## [PROBLEM TO WORK ON]
Which lines belong in your copy? Those from the start of the data through the line with "調べると苞葉が白くて先がピンク色は秋ウコン。下の小さく黄色いのが花", exactly as written, without any pictures.

(Beginning of DATA LISTING)

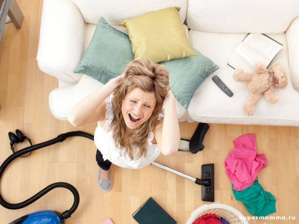 Важно распределить обязанности по уходу за домом и ребенком на всех членов семьи. Один помогает готовить кушать, другой следит за малышом, третий (если таковой имеется) убирает с пола и диванов лишние вещи
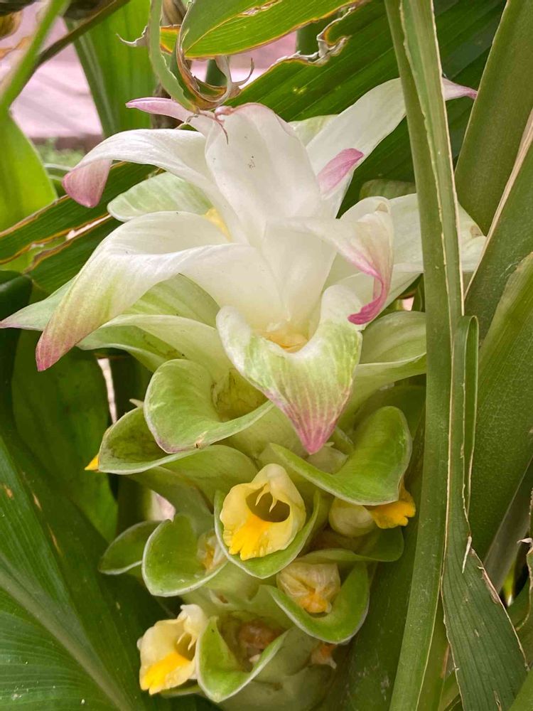 調べると苞葉が白くて先がピンク色は秋ウコン。下の小さく黄色いのが花
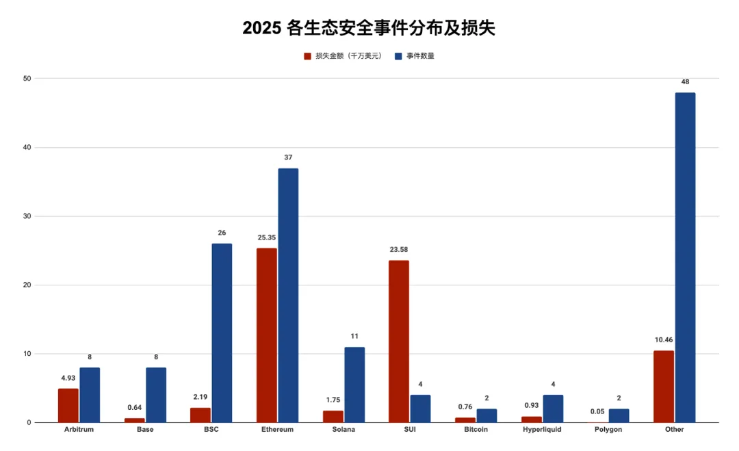从生态分布来看,Ethereum 仍然是受攻击最为频繁、损失最为严重的生态,全年损失约 2.54 亿美元,占比显著领先;BSC 紧随其后,相关损失约为 2193 万美元;Solana 则位列第三,全年损失约 1745 万美元。
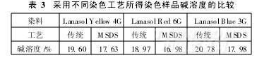 由表3可以看出,采用微懸浮體染色工藝可使羊毛纖維在染色過程中的受損程度顯著降低。這是因為微懸浮體染色工藝采用的是快速升溫,縮短了羊毛纖維在高溫階段的受熱時間。而傳統(tǒng)染色工藝必須采用慢速升溫,否則會引起染色不勻。受熱時間的不同導致了羊毛纖維受損傷程度的差異。
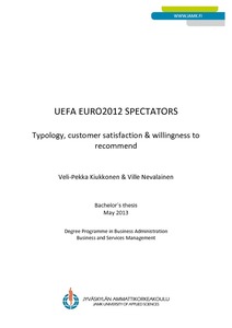 UEFA EURO2012 SPECTATORS : Typology, customer satisfaction & willingness to recommend
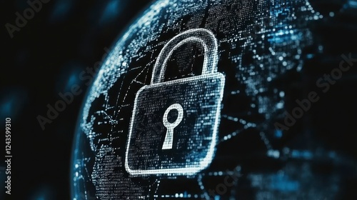 Wall mural : Abstract digital globe with a glowing lock, representing global security and data protection - dark b
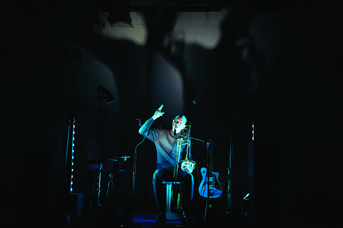 Un récital où mots et notes se mêlent et s’entremêlent quand le musicien disparaît derrière son imposant tuba, quand les jeux de lumière et d’ombre transforment guitares et trombone en spectres vivants… Ce n’est plus de la musique seule, ou de la récitation textuelle en solitaire, c’est un concert inattendu où parole et musique s’accouplent avec frénésie entre jazz, rock et pop, une jouissance orgiaque entre strophes déclamées et lignes mélodiques. De la poésie vivante dont on s’abreuve, bouche et oreilles, un spectacle total entre la vie et la mort, entre pensées moribondes et rage de vaincre. Un spectacle d’une rare puissance, d’une incroyable beauté entre récital poétique et concert symphonique, à ne pas manquer ! Yonnel Liégeois
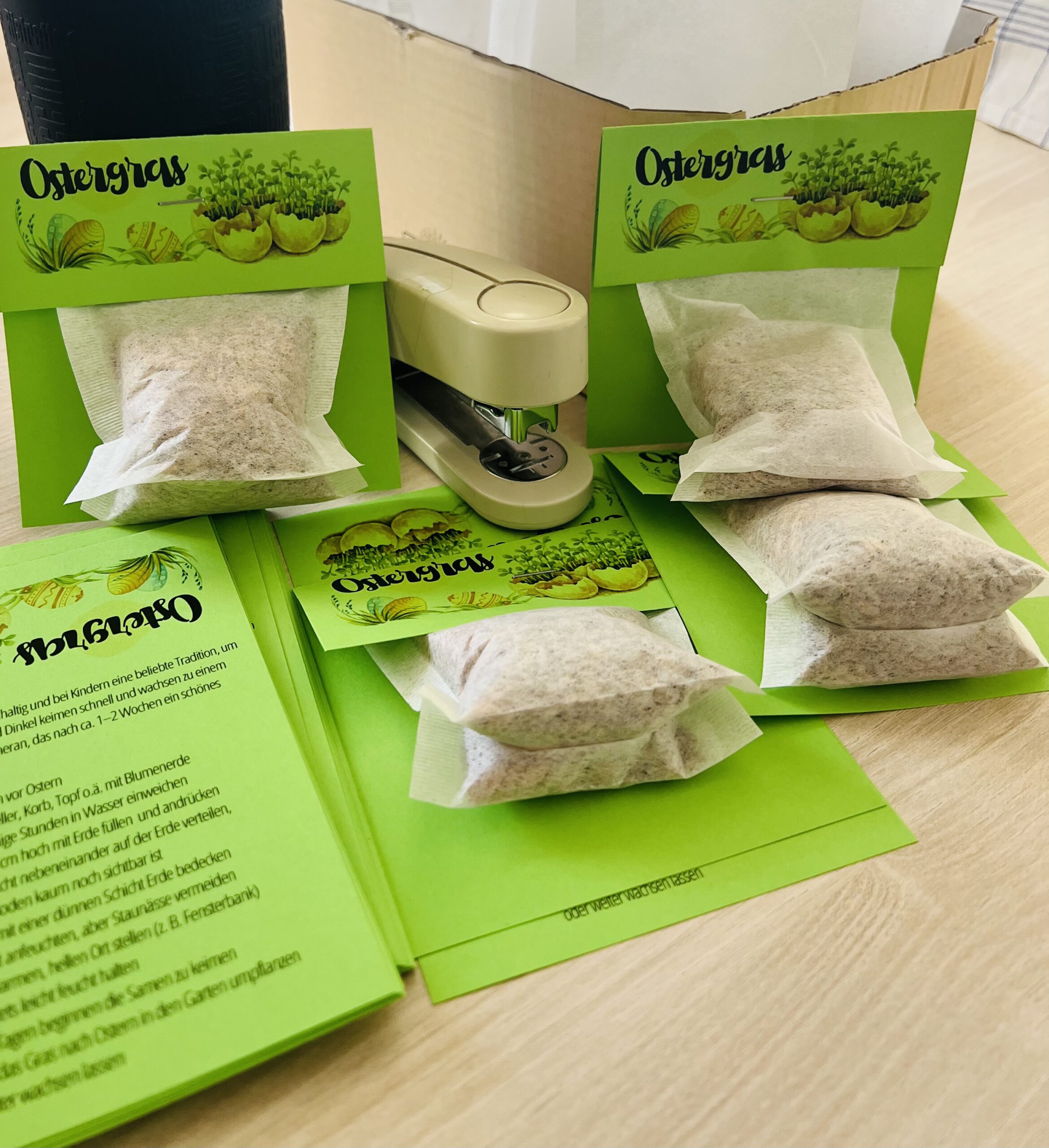 Ich habe eine Druckvorlage mit einer Anleitung für das Ostergras togo erstellt. Einfach ausdrucken, auf A6 zuschneiden und die oberen 4,35 cm umknicken. Die Körner in Teefilter oder Brottüten füllen und die Öffnung ein paar mal falten. Dann die Anleitung aufklappen, die Korntüte dazwischen platzieren, zurückklappen und mit einem Hefter verschließen.
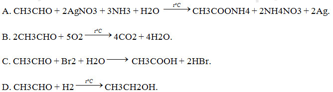 Câu 36. Anđehit axetic thể hiện tính oxi hoá trong phản ứng nào sau đây?
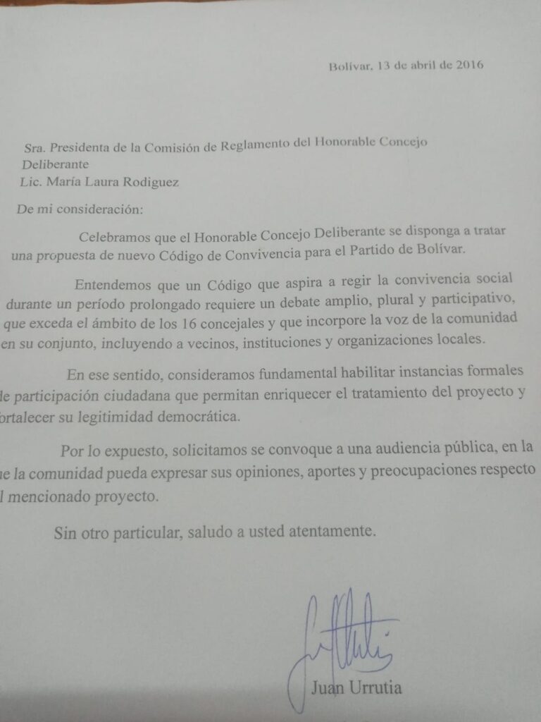 La organización política Patria Grande solicitó formalmente al Honorable Concejo Deliberante de Bolívar la convocatoria a una audiencia pública para debatir el proyecto de Código de Convivencia enviado por el Departamento Ejecutivo. Desde el espacio señalaron que, por su alcance y su impacto en la vida cotidiana, la iniciativa requiere un tratamiento amplio que incorpore la participación de vecinos, instituciones y organizaciones locales.
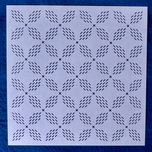Sashiko tools and notions for stitching and quilting sashiko projects. Needles, thimbles, transfer tools, pre-quilted batting, stencils, marking pencils, big stitch wheel marker, thread clips, scissors, more
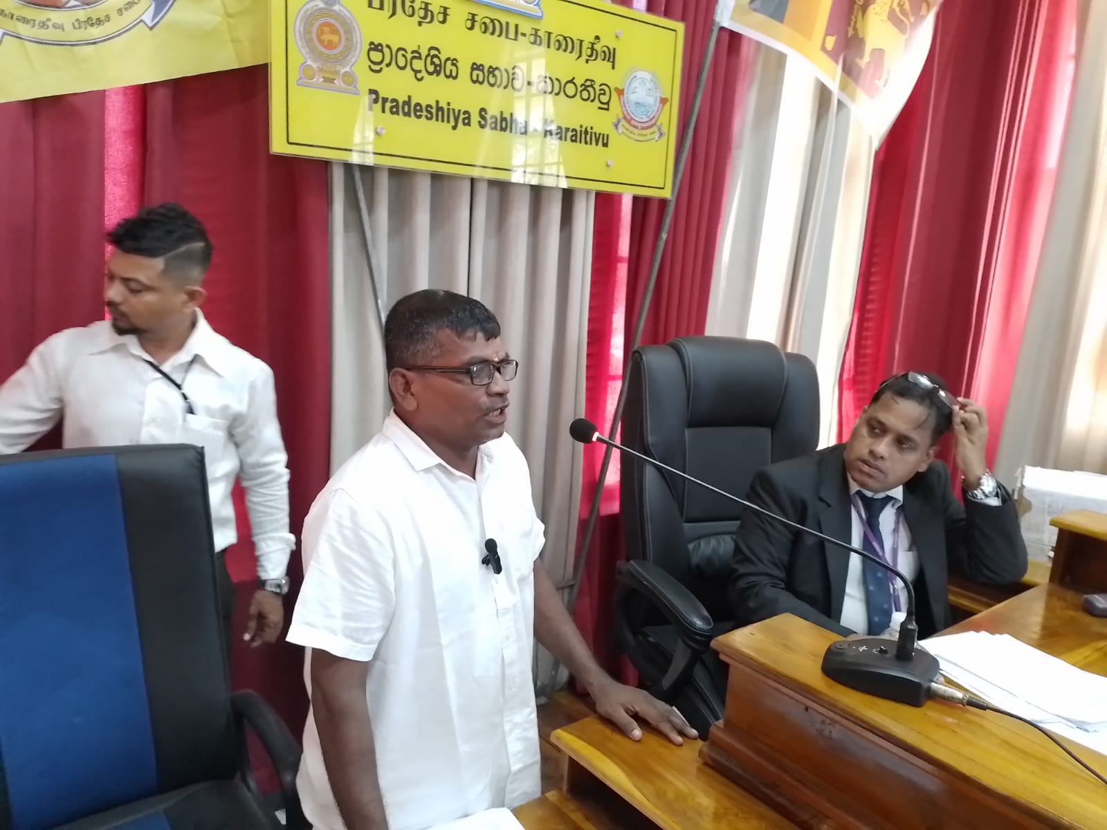 புதிய தவிசாளரை தெரிவு செய்வதற்கான பல்வேறு கட்சிகளையும் சேர்ந்த 11 உறுப்பினர்கள் கூட்ட மண்டபத்தில் சமூகமளித்திருந்தனர்.அம்பாறை மாவட்டம் காரைதீவு பிரதேச சபையில் இலங்கை தமிழரசு கட்சியின் சார்பில் 04 உறுப்பினர்களும் ஸ்ரீலங்கா முஸ்லீம் காங்கிரஸ் 02 அகில இலங்கை மக்கள் காங்கிரஸ் கட்சி சார்பில் 01 தேசிய மக்கள் கட்சி சார்பில் 03 சுயேட்சைக்கழு 01 என 11 பேர் தெரிவு செய்யப்பட்டிருந்தனர். இதன்போது உள்ளுராட்சி ஆணையாளர் புதிய தவிசாளருக்கான முன்மொழிவுகளை கோரினார்.

(End of DATA LISTING)

## [ANSWER SECTION]
 Важно распределить обязанности по уходу за домом и ребенком на всех членов семьи. Один помогает готовить кушать, другой следит за малышом, третий (если таковой имеется) убирает с пола и диванов лишние вещи
 調べると苞葉が白くて先がピンク色は秋ウコン。下の小さく黄色いのが花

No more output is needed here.